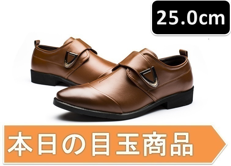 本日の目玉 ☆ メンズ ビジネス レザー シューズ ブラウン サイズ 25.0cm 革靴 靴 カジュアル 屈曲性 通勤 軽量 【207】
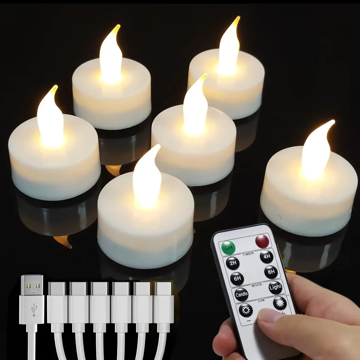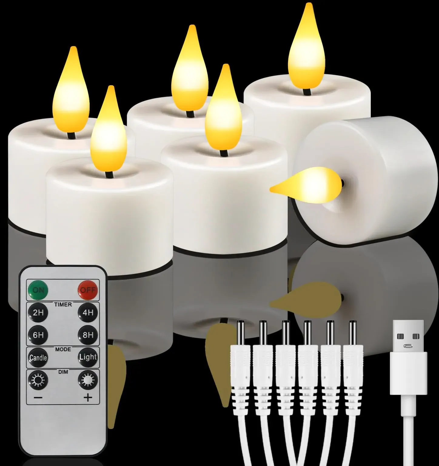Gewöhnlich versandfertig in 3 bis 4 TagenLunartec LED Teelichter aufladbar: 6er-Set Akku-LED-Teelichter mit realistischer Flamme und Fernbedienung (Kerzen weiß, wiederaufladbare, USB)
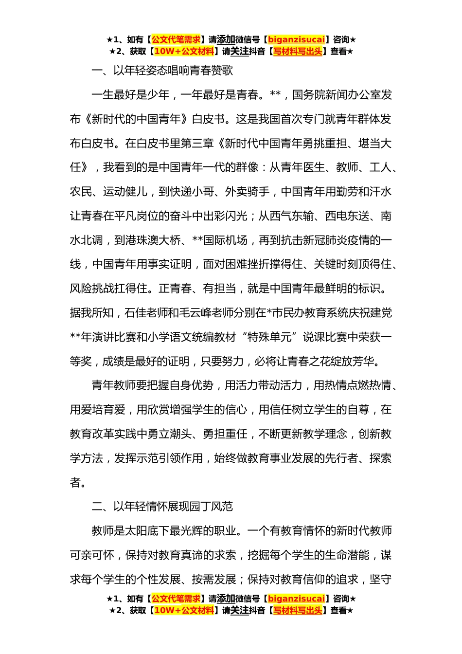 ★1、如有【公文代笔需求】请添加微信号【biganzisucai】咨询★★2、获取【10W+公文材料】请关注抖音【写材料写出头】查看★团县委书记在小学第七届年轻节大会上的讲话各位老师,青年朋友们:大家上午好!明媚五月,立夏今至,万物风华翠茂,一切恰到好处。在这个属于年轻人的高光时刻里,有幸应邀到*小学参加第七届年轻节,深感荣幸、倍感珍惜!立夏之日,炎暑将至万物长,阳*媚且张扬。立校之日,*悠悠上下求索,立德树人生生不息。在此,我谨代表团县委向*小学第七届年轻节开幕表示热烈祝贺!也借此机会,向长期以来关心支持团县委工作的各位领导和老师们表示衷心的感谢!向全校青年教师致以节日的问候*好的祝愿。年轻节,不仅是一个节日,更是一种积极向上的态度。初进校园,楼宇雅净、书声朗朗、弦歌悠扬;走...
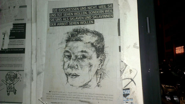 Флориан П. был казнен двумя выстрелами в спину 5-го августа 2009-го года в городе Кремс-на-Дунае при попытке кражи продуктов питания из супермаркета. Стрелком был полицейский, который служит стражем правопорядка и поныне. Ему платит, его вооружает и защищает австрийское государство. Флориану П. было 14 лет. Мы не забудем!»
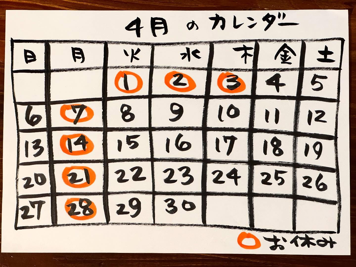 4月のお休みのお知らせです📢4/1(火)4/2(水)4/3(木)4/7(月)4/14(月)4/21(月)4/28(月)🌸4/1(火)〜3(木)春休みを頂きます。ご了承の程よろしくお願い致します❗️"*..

**Work item**
The required answer is the lines from the one that contains "Gewöhnlich versandfertig in" through the last line of the records, restated word for word, with every picture dropped.

**Response to the exercise**
Gewöhnlich versandfertig in 3 bis 4 TagenLunartec LED Teelichter aufladbar: 6er-Set Akku-LED-Teelichter mit realistischer Flamme und Fernbedienung (Kerzen weiß, wiederaufladbare, USB)
 ★1、如有【公文代笔需求】请添加微信号【biganzisucai】咨询★★2、获取【10W+公文材料】请关注抖音【写材料写出头】查看★团县委书记在小学第七届年轻节大会上的讲话各位老师,青年朋友们:大家上午好!明媚五月,立夏今至,万物风华翠茂,一切恰到好处。在这个属于年轻人的高光时刻里,有幸应邀到*小学参加第七届年轻节,深感荣幸、倍感珍惜!立夏之日,炎暑将至万物长,阳*媚且张扬。立校之日,*悠悠上下求索,立德树人生生不息。在此,我谨代表团县委向*小学第七届年轻节开幕表示热烈祝贺!也借此机会,向长期以来关心支持团县委工作的各位领导和老师们表示衷心的感谢!向全校青年教师致以节日的问候*好的祝愿。年轻节,不仅是一个节日,更是一种积极向上的态度。初进校园,楼宇雅净、书声朗朗、弦歌悠扬;走...
 Флориан П. был казнен двумя выстрелами в спину 5-го августа 2009-го года в городе Кремс-на-Дунае при попытке кражи продуктов питания из супермаркета. Стрелком был полицейский, который служит стражем правопорядка и поныне. Ему платит, его вооружает и защищает австрийское государство. Флориану П. было 14 лет. Мы не забудем!»
 4月のお休みのお知らせです📢4/1(火)4/2(水)4/3(木)4/7(月)4/14(月)4/21(月)4/28(月)🌸4/1(火)〜3(木)春休みを頂きます。ご了承の程よろしくお願い致します❗️"*..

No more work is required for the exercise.